Wyczucia wozu nie nauczą nas zdarzające się od czasu do czasu wyścigi w bardziej tradycyjnej formie (przy czym też z często z licznymi przeszkadzajkami, albo zachodzącymi na siebie specjalnie zakrętami, by stłuczek było więcej), są jednak na szczęście osobno dwa parki rozrywki, podzielone na rejony otwierane przed nami w miarę postępów. Dostajemy zestaw misji (tu zakręć, tam spal gumę, a dalej wyskocz) plus znaczków DiRT Showdown do odnalezienia i na spokojnie, bez presji czasowej, staramy się opanować samochód, zaliczając kolejne ze sztuczek z listy. Chociaż model jazdy uproszczono względem poprzednich odsłon serii, taki ruch jest logiczny. Nie mam do mechaniki większych zastrzeżeń. Naturalnie wciąż uprzywilejowani będą posiadacze kierownic, bo na padzie gra się odczuwalnie mniej dokładnie.
[break/]Wyjściem do wyzywania się od słabeuszy jest funkcja chwalenia się przed osobami z listy przyjaciół swoimi wynikami na danych trasach, które trafiają do menu Challenges. Umiejętności jednak szybciej porównać zwyczajnie po sieci. Po wpisaniu jednorazowego kodu, dostarczanego z nowymi egzemplarzami gry, dostajemy dostęp do opisywanych wyżej typów wyścigów do sprawdzenia przez Internet plus opcji Party, na którą składają się bardziej zakręcone konkurencje - jak zaliczanie określonych punktów kontrolnych, lecz w dowolnej kolejności, czy swoistego rodzaju odmiana popularnego trybu Capture The Flag. Nic tak nie zabija jednak kilku minut wolnego czasu jak szybka rozwałka na arenie, także w odmianie drużynowej. Fajnie wyszła kraksa? Żaden problem ją sobie przewinąć i puścić raz jeszcze, albo nawet podzielić się z innymi filmikiem na YouTube.

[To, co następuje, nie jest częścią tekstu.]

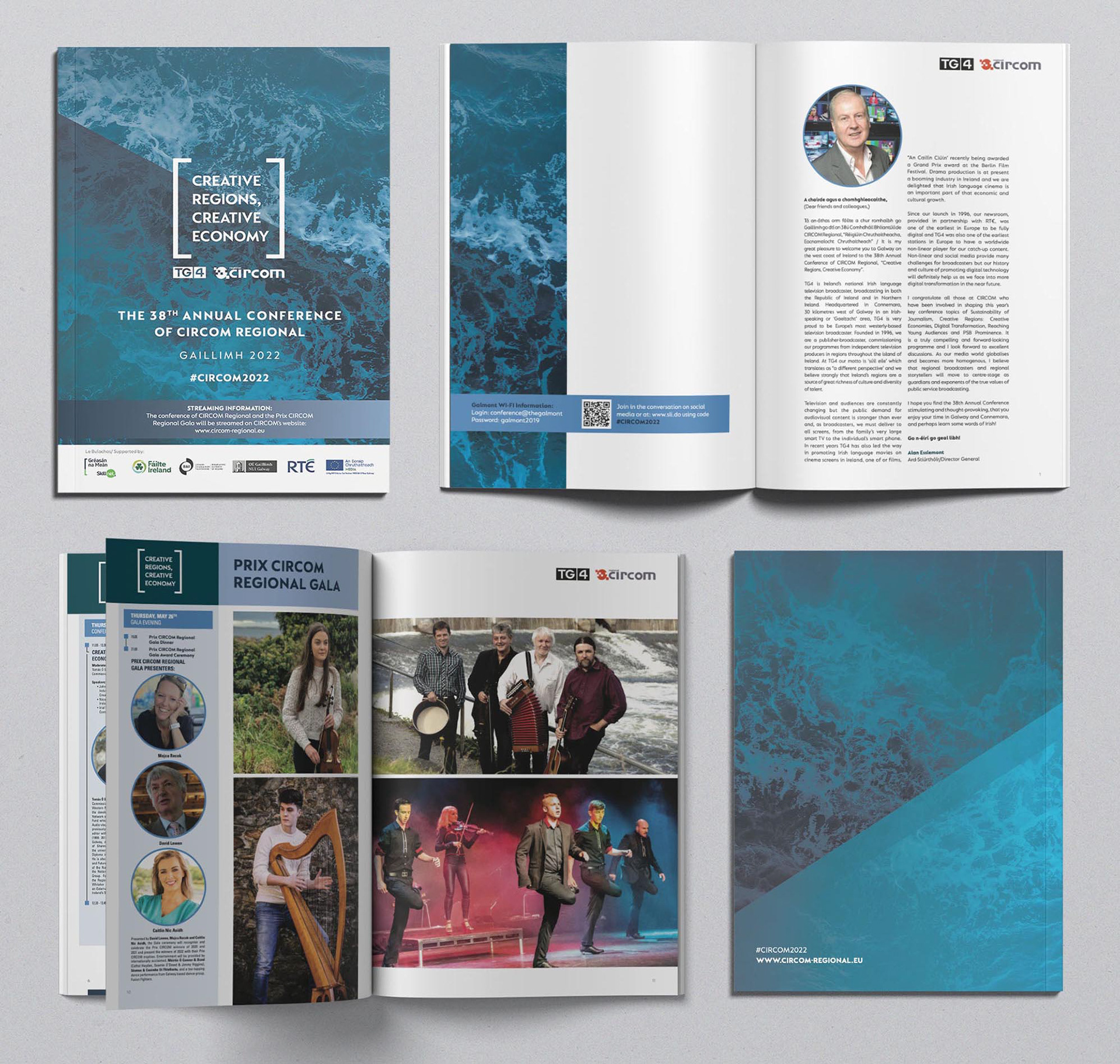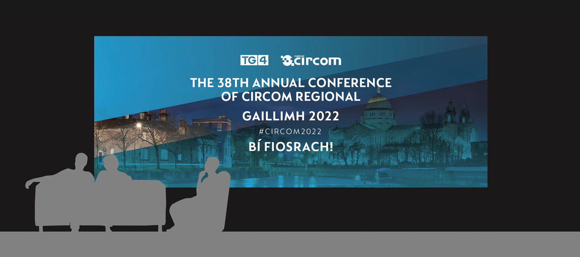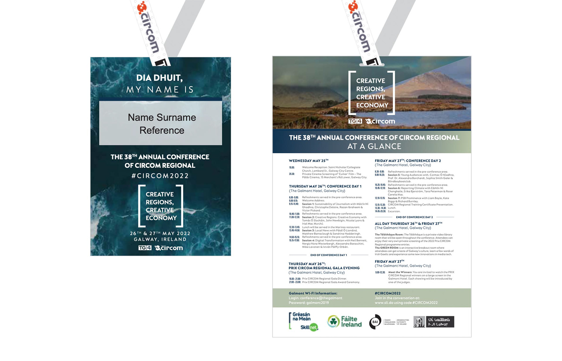 TG4 hosted the 38th Annual Conference of CIRCOM Regional in the Galmont hotel in Galway, Ireland, following strict Covid guidelines. Additionally, the Conference and the Prix Gala were streamed live for audiences worldwide. During the two days, presentations were given about the value of public service broadcasting and its role in promoting the diversity of culture and how it can encourage a better interregional cooperation media cooperation in Europe. We were in charge of designing all the visuals for the event, including static screen visuals, onstage and offstage motion graphics, various promotional materials and a booklet presenting the speakers' bios and conference agenda.

EGO engine zachwyca. Animacja nie chce zwolnić ani na chwilę, chociaż na trasie dzieje się wiele, w powietrze spod kół wylatuje kurz, a z przodu śmieci z toru, zaś samochody pięknie się niszczą (acz bardziej te nielicencjonowane - to raczej logiczne). Co zastanawiające, w porównaniu do poprzednich gier Codemasters, oprawa nie wypada już tak fantastycznie. Nagle okazuje się, że mimo wszystko kilka lat temu mieliśmy piękniejsze kraksy czy lepszą „wczujkę” w jazdę, a nawet bardziej dynamiczne poczucie pędu. Nagle zaczyna nam brakować widoku z kokpitu, bo jest wyłącznie kamera znad maski... Dopóki nie popatrzymy w przeszłość serce się jednak raduje. Po niebie idyllicznie suną chmury, specyficzne kolorowe filtry i rozmycia przekładają się na pewien obraz growej beztroski.
Z zestawu imprez dotąd drugoplanowych „mistrzowie kodu” zrobili zupełnie nowy produkt, który powinien znaleźć swoją niszę. Pewnie nie tak wielką, gdyż nie jest to propozycja dla wielbicieli symulatorów, a długoletni fani serii DiRT potraktują grę pewnie zwyczajnie jako samodzielne, sporych rozmiarów DLC do „trójki”, ale jednak. Rozgrywka daje naprawdę sporo frajdy, grafika niezwykle cieszy oko, muzyka dobrze zagrzewa do walki. Cieszy różnorodność zawodów, choć potrafi podirytować fakt, że nie będąc za bardzo zainteresowanym jednym ich typem będziemy musieli je mozolnie ukończyć chociaż na trzecim miejscu, aby pociągnąć karierę. Rozgrywka sieciowa nie zawodzi. Macie kumpli, którzy też kupią grę?